Nachträglicher Verlust der deutschen Staatsangehörigkeit
§ 17 StAG-E fasst die Tatbestände zusammen, in denen die deutsche Staatsangehörigkeit nachträglich wieder verloren geht. Dies sind u. a. der ausdrücklich erklärte Verzicht auf die Staatsangehörigkeit, der Eintritt in die Streitkräfte eines ausländischen Staates, die konkrete Beteiligung an Kampfhandlungen einer terroristischen Vereinigung im Ausland.

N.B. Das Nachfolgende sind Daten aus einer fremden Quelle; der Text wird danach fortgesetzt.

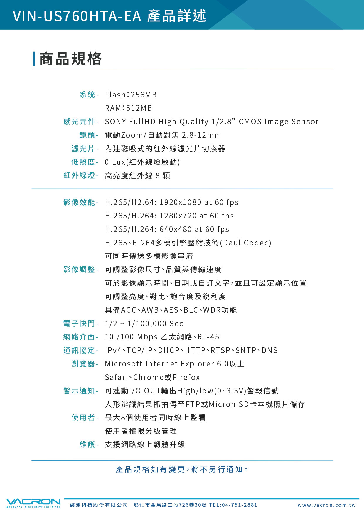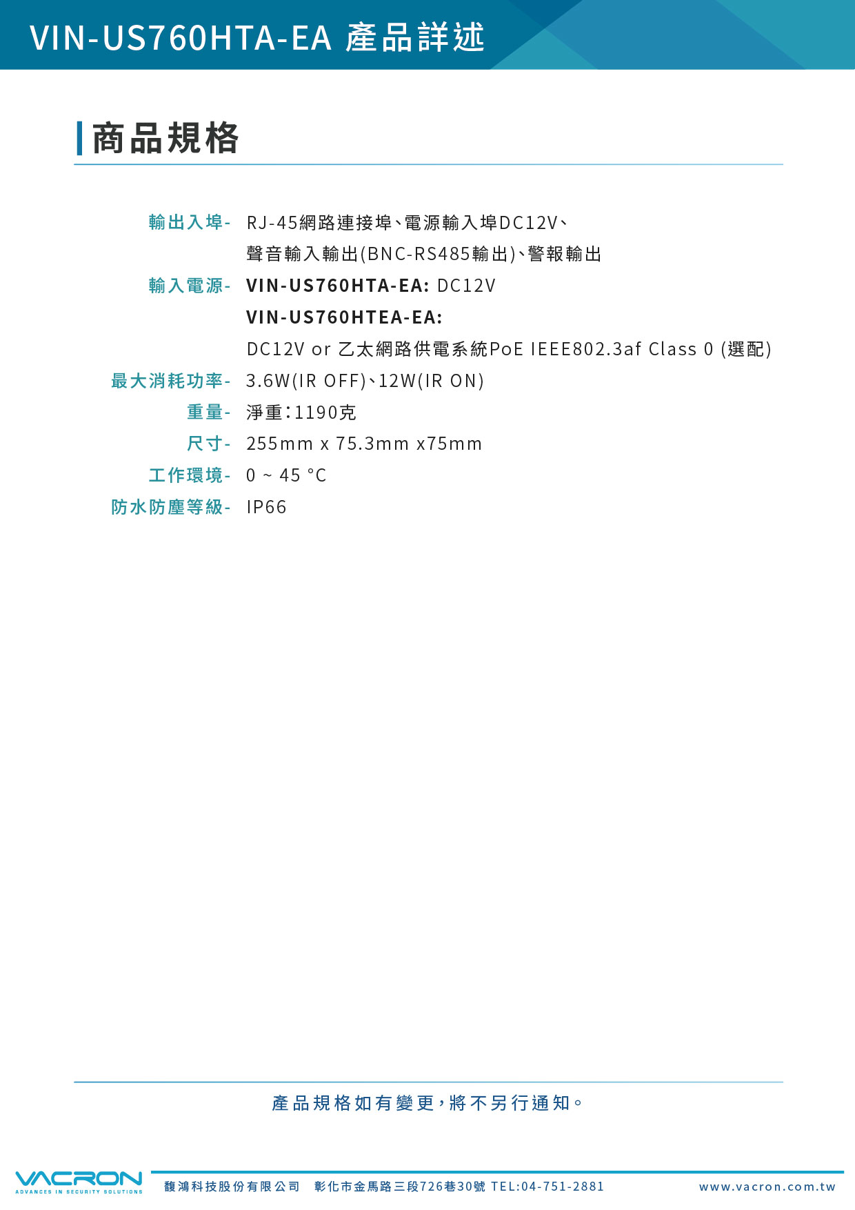 VIN-US760HTEA-EA: DC12V or 乙太網路供電系統PoE IEEE802.3af Class 0 (選配) | ||||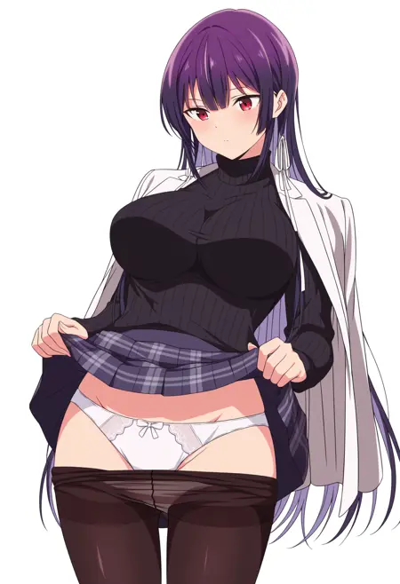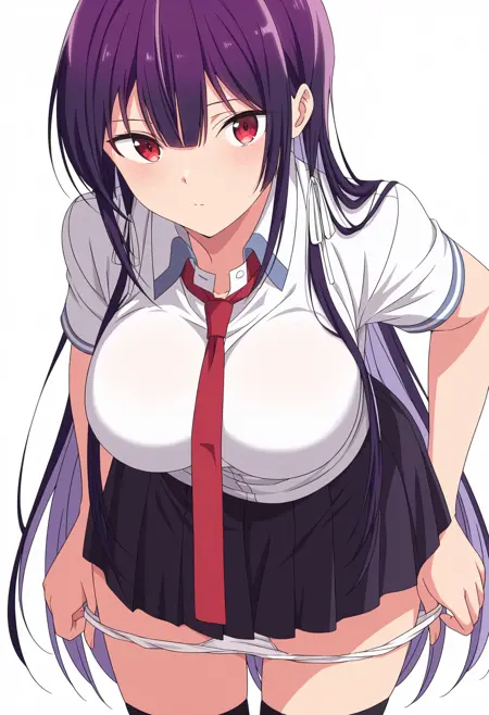 takamine_wz, very long hair, purple hair, hair ribbon, white ribbon, red eyes, large breasts, white shirt, collared shirt, red necktie, black skirt, pleated skirt, miniskirt, black kneehighs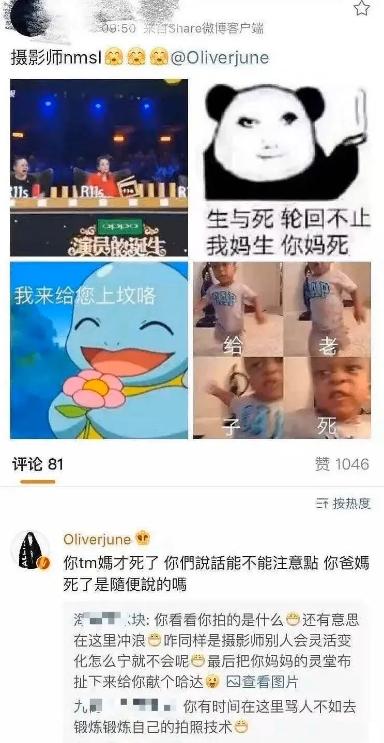 由于粉丝对杨幂摄影师越骂越生气,部分粉丝甚至用很不堪的语言骂,仿佛摄影师做了什么十恶不赦的事情,引起了摄影师强烈的不满,不得不留言回怼。

Kritik nicht nur aus der Opposition
Kritik an dem vom Kabinett beschlossenen Gesetzentwurf kommt von verschiedenen Seiten. Teile der Opposition kritisieren sowohl die Verkürzung der Fristen für die Einbürgerung als auch die Ermöglichung der doppelten Staatsbürgerschaft und sehen darin eine „Einbürgerung light“. Aber auch aus der Ampel selbst kommt Kritik. Einige halten das Erfordernis der Fähigkeit zum Bestreiten des eigenen Lebensbedarfs für ungerecht, insbesondere gegenüber Alleinerziehenden und körperlich oder geistig eingeschränkten Personen.
Inkrafttreten der Reform nicht vor Anfang 2024
Der vom Kabinett beschlossene Gesetzentwurf wird nun im Bundestag beraten werden. Angesichts der noch offenen Kritikpunkte dürften noch Änderungen einfließen. Mit dem Inkrafttreten eines neuen Einbürgerungsrechts ist nicht vor Anfang 2024 zu rechnen.